Плечи Меншикова стали совсем вислыми, будто на них навалился новый груз, – запамятовал, кто здесь правит.

– Кликни арапа Абрамку, – приказал Долгорукий Окунькову.

И через две минуты в кабинет вошел поручик Петров. Лицо его было усталым, казалось, на нем лежала коричневая пыль, курчавые волосы потускнели.

– Узнаешь знакомца? – спросил у него губернатор.

Поручик сразу же, как только переступил порог, узнал своего губителя Меншикова, но, скользнув равнодушным взглядом по опальному, опустил глаза – не до мести было. Единственно, о чем вожделел, – вырваться из студеной Сибири, вырваться во что бы то ни стало. Ему, родившемуся в Абиссинии, приходилось здесь особенно тяжело.

Он был вывезен с родины восьмилетним, подарен царю Петру, пять лет обучался во Франции инженерству. И вот теперь, оставив за спиной тридцатилетний рубеж, гибнул в стужах, возводил, не получая жалованья, никому не нужную крепость у реки Селенги. Может быть, то, что пал светлейший – а Петров теперь твердо знал об этом, – облегчит его судьбу? Хотя бы в Тобольск переведут до разрешения возвратиться в Питербурх.

– Аль не рады друг другу? – все еще надеясь, что комедия разыграется, допытывался губернатор, но уже и сам утратил интерес к спектаклю.

– Узнаю, – глухо произнес Петров.

– Может, хочешь что сказать ему?

– Пустое дело – словеса тратить, – устало ответил поручик, а самого не оставляла мысль: «Отпустили бы меня отсюда, только б отпустили».

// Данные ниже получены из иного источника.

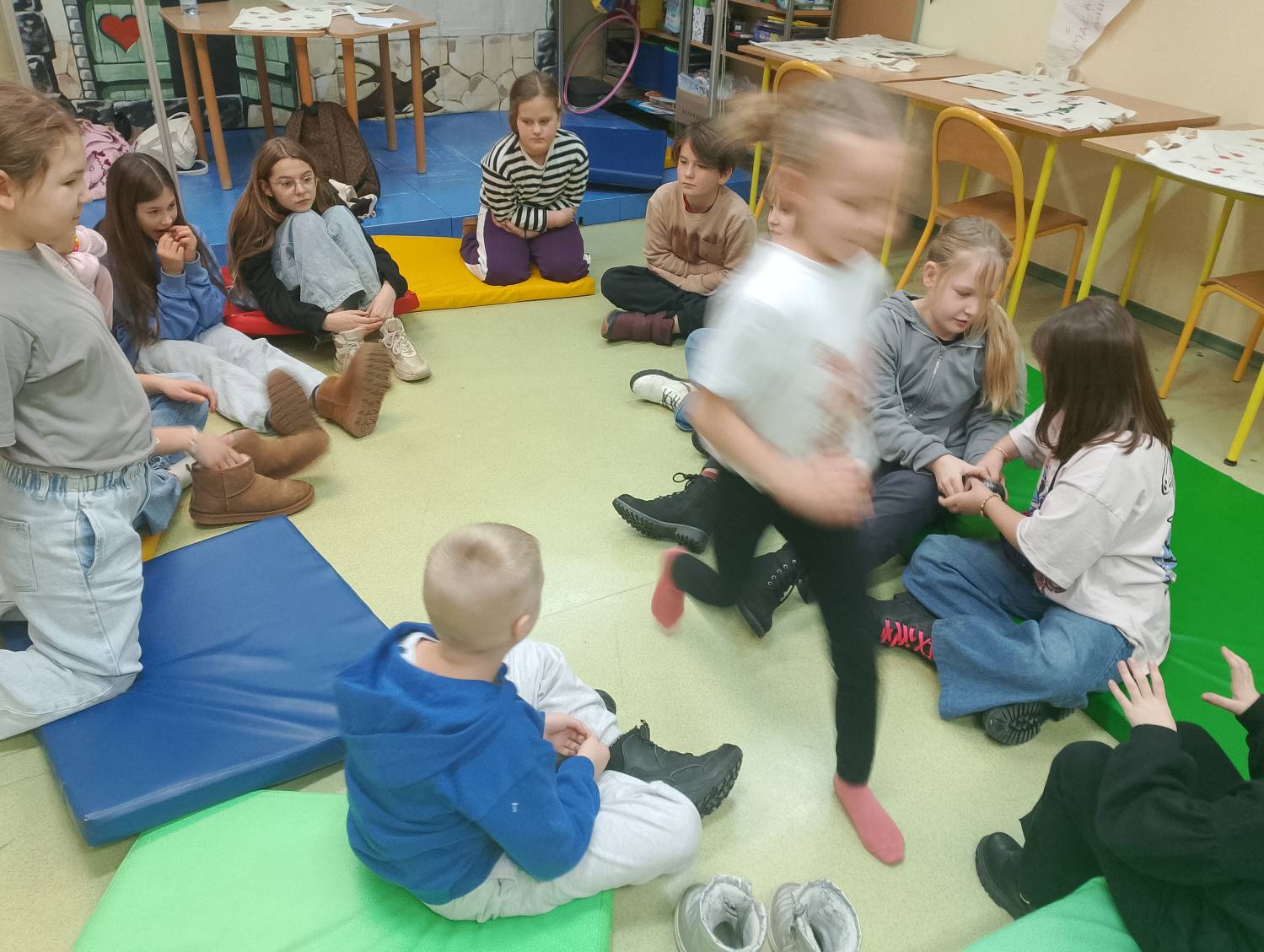 Nie zabrakło też ruchu i śmiechu Wspólnie zagraliśmy w nasze ulubione zabawy, m.in. mafię i bombę, które jak zawsze wywołały mnóstwo emocji i szerokie uśmiechy.

Александр Данилович поднял на поручика измученные глаза:

– Не вини строго, коли можешь…

Петров и на этот раз ничего не ответил.

Губернатор недовольно шевельнул бровью – феатр не удался. Приказал поручику:

– Иди!

А сам решил сегодня же отправить его обратно в Селенгинск.

Меншикову же сказал медленно и веско:

– Держать тебя по указу станем в Березове неисходно… И без всякого упущения. А буде нарушишь – взыщу по военному суду. Чести и деревень ты лишен праведно. В Березове живи смиренно, добропорядочно. Не твори противность узаконениям. И лишнее не блювай… Иначе недолго и язык тебе урезать, как сам ты то делал…

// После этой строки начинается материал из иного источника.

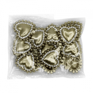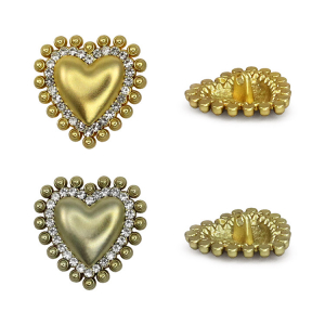 Металлическая пуговица на ножке станет изысканным акцентом вашего наряда благодаря оригинальной форме выпуклого сердечка, украшенного двумя уровнями декора: внутреннее обрамление из сияющих страз и внешний контур из филигранных металлических «бусин». Эта сверкающая деталь идеально дополнит вечерний костюм, жакет или платье, создавая праздничный образ, а выбор между оттенками яркого и тёмного матового золота позволит подобрать идеальное сочетание для любой ткани.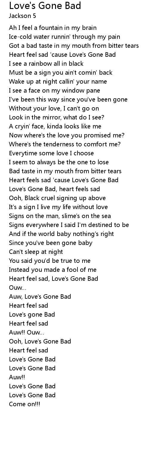 | Heart feels sad ' cause Love' s Gone Bad | |

За окном ударила вестовая пушка с Троицкого мыса, и в ту же минуту на Спасской башне часы пробили несколько раз.

– Уведи в острог! – приказал губернатор Окунькову.

Березов

Они проходили длинным плацем, где юнцы занимались военной премудростью: пленный швед под барабанный бой обучал их приемам с деревянными ружьями и алебардами.

Меншикова принял комендант острога, пожилой, седоусый капитан, с пустым рукавом, заткнутым за пояс.

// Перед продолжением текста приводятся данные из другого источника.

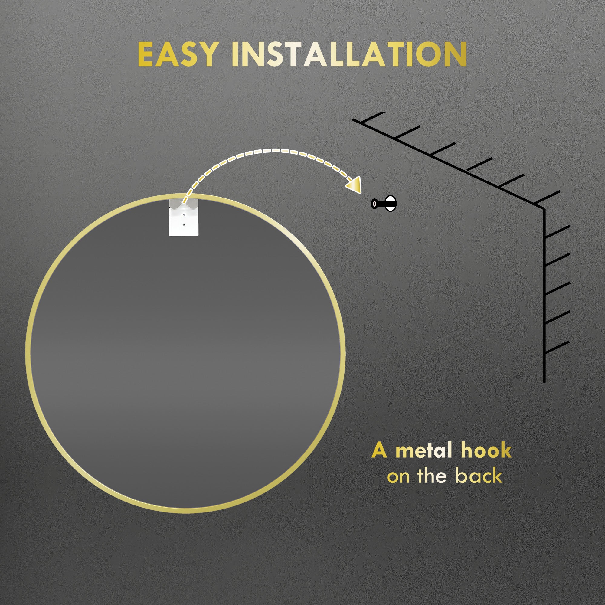 70cm Aluminium Frame Round Bathroom Mirror - Gold Tone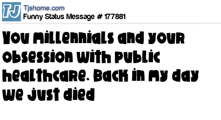 - # 179216 You mellennials and your obsession with public healthcare, back in my day we just died!

– Куда ж мне тебя определить? – словно вслух размышляя, сказал он сострадательно. – Ежели в подвал, так вроде не по чину… А ежели…

Меншиков положил на стол золотой империал. Капитан нахмурился, отсунул деньги.

– Ладно, отведу тебе камору получше. И холопей твоих рядом помещу. Ради встречи нашей… Давненько с тобой, Данилыч, не видались…

Меншиков, ничего не понимая, недоуменно поглядел на коменданта.

– Не признаешь? А я не один год под началом твоим в корпусе прослужил. Эскадроном драгун командовал. Батурин с тобой жгли, за Карлусом по степи гонялись… На Пруте картечина турецкая меня вдарила, а лекаря руку отчекрыжили.

– А здесь-то как оказался? – спросил Меншиков эскадронного, которого теперь припомнил.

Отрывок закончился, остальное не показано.